The netfslib helper library

By Jake Edge
May 16, 2022

A new helper library for network filesystems, called netfslib, was the subject of a filesystem session at the 2022 Linux Storage, Filesystem, Memory-management and BPF Summit (LSFMM). David Howells developed netfslib, which was merged for 5.13 a year ago, and led the session. Some filesystems, like AFS and Ceph, are already using some of the services that netfslib provides, while others are starting to look into it.

Howells launched right into netfslib and some of its features without much in the way of a high-level introduction to the library. His topic proposal email does some of that, however:

I've been working on a library (in fs/netfs/) to provide network filesystem support services, with help particularly from Jeff Layton. The idea is to move the common features of the VM interface, including request splitting, operation retrying, local caching, content encryption, bounce buffering and compression into one place so that various filesystems can share it.
This also intersects with the folios topic as one of the reasons for this now is to hide as much of the existence of folios/pages from the filesystem, instead giving it persistent iov iterators to describe the buffers available to it.

Goals

The basic goal, he said in the session, is to get the virtual-memory (VM) handling out of the network filesystems and into a common library. The library sits between the memory-management subsystem and the filesystem and handles all of the address-space operations, except, perhaps, for truncation. All of the folio handling will go into the library as well. Local caching is done there too, which allows the cache to use multi-page folios more easily.

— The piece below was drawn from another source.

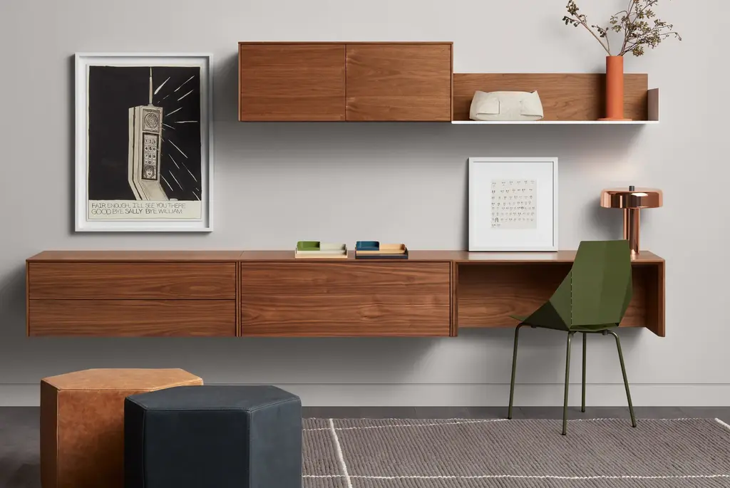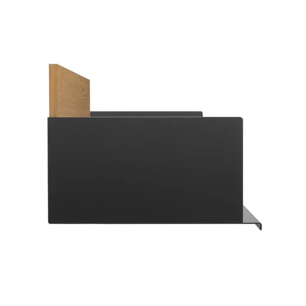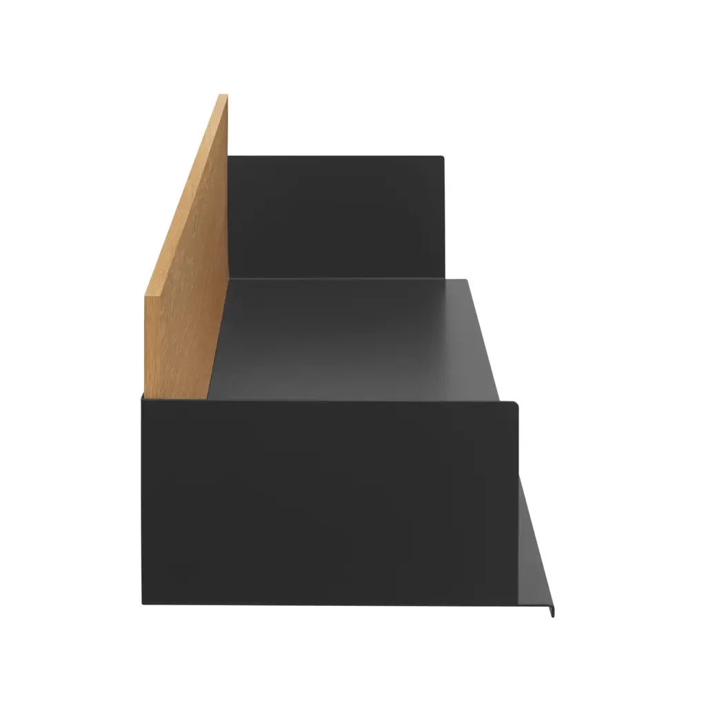 Wall-mounted powder-coated steel shelf with a walnut or white oak back panel turns any wall into an opportunity. Pair with companion cabinet and desk units to create a full-on storage masterpiece.
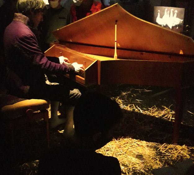 Pour les ateliers musique, les musiciens pourront faire essayer les instruments par petits groupes, sensibiliser au contexte historique baroque (iconographie, peintures), et montrer les bases de travail de combinaisons entre texte et musique : choix des pièces, superpositions, enchaînements, contrastes, etc.

Netfslib will allow for content encryption, which is distinct from transport encryption; a client can access the content of its files locally, without the server having any way to do so because the content is encrypted. This means that the local cache should only have encrypted file data; the client will decrypt it on read operations and encrypt it on write operations. Keeping the decrypted data out of the cache helps ensure that losing your laptop does not mean someone can access the contents of those files, he said.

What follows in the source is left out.